Linear Models and Regression¶

Sometimes, two data sets are related. Regression is a tool to help find and test the strength that relationship. In the simplest case, the relationship might be linear so we apply regression to a linear model.

This material is detailed in Chapter 8 of our text.

Linear Models¶

One of the simplest types of relationships between two variables is a linear relationship - say, $$Y = aX+b.$$ In statistics, $X$ and $Y$ are typically random variables so we might ask questions like:

Is there really a linear relationship between $X$ and $Y$?
If so, what are the values of the parameters $a$ and $b$?
What kind of predictions can we make using this relationship?
How confident can be in those predictions?

Relating head length and total length¶

Here's the plot of an example right from our text that relates the head length to total length for 104 possums.

The regression line¶

Here's the so-called "regression line" that models the data. We might infer from this line that a possum with a head length of 101 mm would have a total lenght of about 94 cm.

Lines in the plane¶

A line is the graph of an equation of the form $y=ax+b$.

The defining characteristic of such a graph is that it's slope is constant, i.e. if $y_1=ax_1+b$ and $y_2 = ax_2+b$, then

$$\frac{\Delta y}{\Delta x} = \frac{y_2-y_1}{x_2-x_1} = \frac{(ax_2+b)-(ax_1+b)}{x_2-x_1} = \frac{a(x_2-x_1)}{x_2-x_1} = a.$$

While that might seem complicated, it ultimately makes it easy to plot the line.

Plotting a line¶

We can plot a line simply by plugging in a couple of points.

For example, to graph $y=2x+1$, plug in $x=0$ to get $y=0$ - that's one point!

Then plug in $x=1$ to get $y=3$ - that's another point!

Draw the line through both of those.

The plot¶

Here's the plot of $y=2x+1$.

An interactive plot¶

Here's a fun tool to see how the coefficients $a$ and $b$ affect the graph of $y=ax+b$.

Using a regression line¶

In statistics, the forumula for a line will often be generated via software; you just need to interpret it. Thus it will be important for you to be able to plug a value like $x=1.234$ in to a line like $y=-5.8335x+0.8408$ to get a value. In this case: $$-5.8335\times1.234+0.8408 = −6.357739.$$

Possums revisited¶

The possum example comes right from section 8.1 of our text. I've got the data stored on my website so we can read it in and run a regression analysis like so:

import pandas as pd
from scipy.stats import linregress
df = pd.read_csv('https://www.marksmath.org/data/possum.txt', sep='\t')

regression = linregress(df.headL, df.totalL)
regression

LinregressResult(slope=0.8336697990278819, intercept=9.888233331751707, rvalue=0.6910936973935056, pvalue=4.680578654379419e-16, stderr=0.08632851506979797)

The output¶

regression

LinregressResult(slope=0.8336697990278819, intercept=9.888233331751707, rvalue=0.6910936973935056, pvalue=4.680578654379419e-16, stderr=0.08632851506979797)
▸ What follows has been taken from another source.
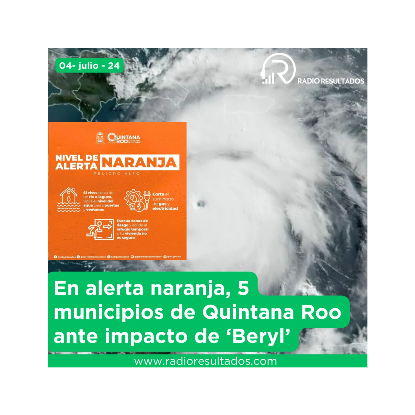 En alerta naranja, 5 municipios de Quintana Roo ante impacto de ‘Beryl’.
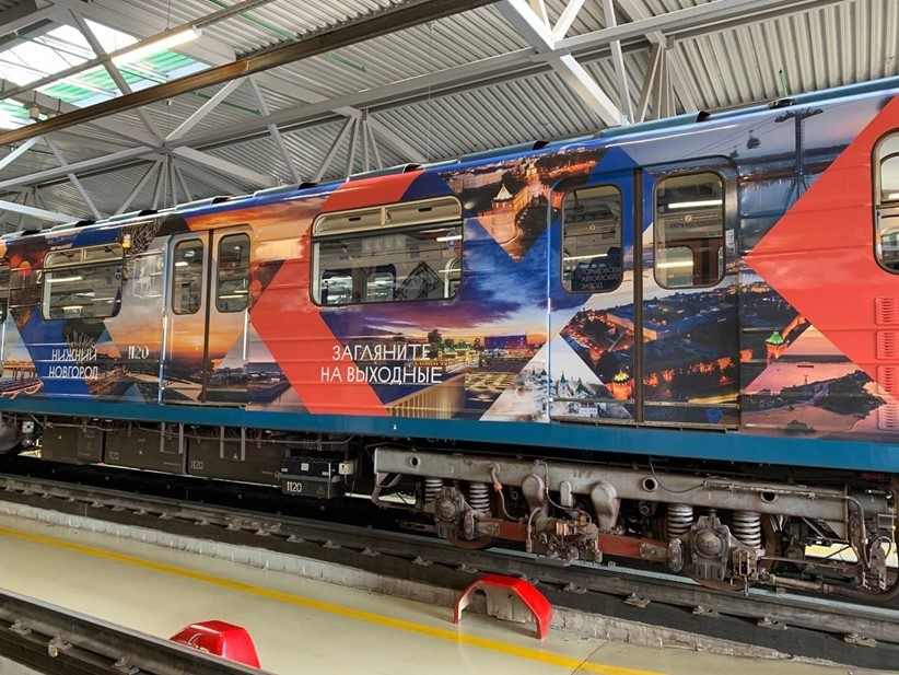 Следующие полгода на Московско-Петроградской (синей) линии петербургского метрополитена будет курсировать тематический поезд "Нижний Новгород: 100% настоящая Россия".

There are five features in this output. Of immediate importance are the slope and intercept, which describe the regression line. Those are basically the coefficients $a$ and $b$ we've been talking about. Thus, the line $$y = 0.8336697990278819x + 9.888233331751707$$ should be a reasonably good fit to the data. If we plug $x=101$ in, we should get about $y=94$ out:

0.8336697990278819*101 + 9.888233331751707

94.08888303356777

Another look at the picture¶

Correlation¶

Let's take on more look at the output of that regression:

regression

LinregressResult(slope=0.8336697990278819, intercept=9.888233331751707, rvalue=0.6910936973935056, pvalue=4.680578654379419e-16, stderr=0.08632851506979797)
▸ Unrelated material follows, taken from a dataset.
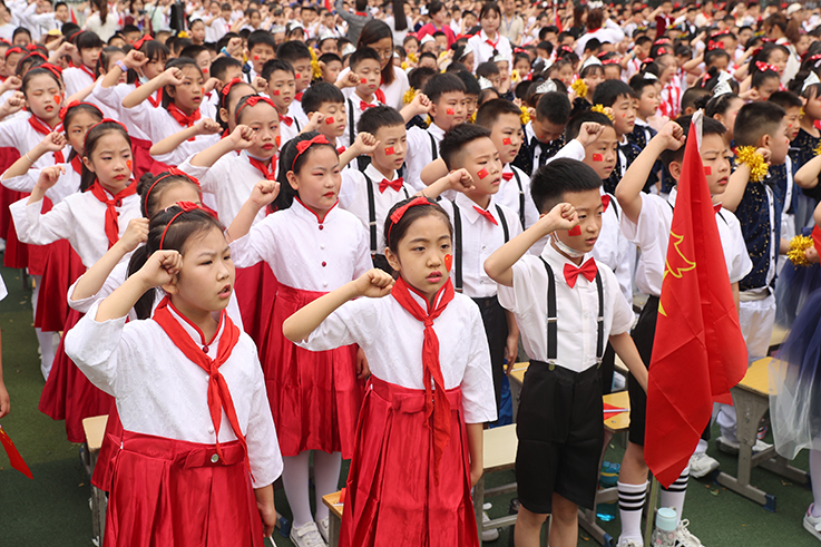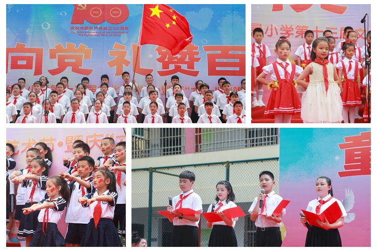 全校师生齐唱歌曲《万疆》,赞祖国盛世如朝阳,全体少先队员重温入队誓词,附小全校22个班级唱红歌、颂党史,赞百年辉煌征程,誓做祖国栋梁。同学们用甜美嘹亮的歌声,表达了“童心向党 礼赞百年”的无限深情和壮志豪情,他们用精彩的演出,动听的音符和充满激情的朗诵表达着对党的真挚热爱和衷心祝福。

In addition to slope and intercept we see

pvalue, which is a $p$-value for a hypothesis test that we'll talk about soon,
stderr, which seems like it should be related to the $p$-value, and
rvalue - ???

The "rvalue" is the the correlation between the two variables which is a measure of the strength of the linear relationship between them.